We developed an auditory-motor experimental procedure that allowed investigating neural underpinning of word meaning acquisition by way of associative "trial-and-error" learning that mimics important aspects of natural word learning. Participants were presented with eight pseudowords; four of them were assigned to specific body part movements during the course of learning – through commencing actions by one of participant’s left or right extremities and receiving a feedback. The other four pseudowords did not require actions and were used as controls. Magnetoencephalogram was recorded during passive listening of the pseudowords before and after learning.
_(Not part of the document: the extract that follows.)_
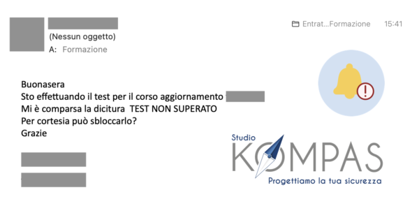 Un cliente, durante lo svolgimento di un corso e-learning, non ha superato il test di fine modulo. La piattaforma in questo caso si blocca e richiede obbligatoriamente un ripasso di determinati argomenti, per poi passare (solo in caso di esito positivo) al modulo successivo. Da qui l’email di richiesta di “sblocco” della piattaforma per permettere di continuare. Sblocco che, per dovere di cronaca, non è ovviamente avvenuto. Abbiamo infatti consigliato al corsista di riposare gli argomenti e di riprovare il test prestando più attenzione.

The cortical sources of the magnetic evoked responses were reconstructed using distributed source modeling.
We found a significant effect in the middle part of the STS/STG that mostly includes the auditory parabelt areas responsible for spectrotemporal analysis and initial steps of word recognition. Processing of new words also activated the posterior opercular part of the inferior frontal gyrus that is involved in subvocal rehearsal and articulatory coding of the perceived speech sounds, this fact emphasizing the role of articulatory sensory-motor experience in acquisition of word meaning. Our analysis did not reveal significant effects in the temporal pole or in the temporoparietal regions.
Juxtaposition of our findings with the current body of literature may imply that rooting the word meaning into one's sensory-motor experience is an initial stage, which is prerequisite but not sufficient for its embedding into the full associative structure of semantic memory.
Taken together, our findings show that learning of novel word meaning through word-action association selectively increased neural specificity for these words in the auditory areas responsible for spectrotemporal analysis, as well as in articulatory areas, both located in the left hemisphere. The extent of neural changes was linked to the degree of language learning, specifically implicating the physiological contribution of the left perisylvian cortex in the learning success.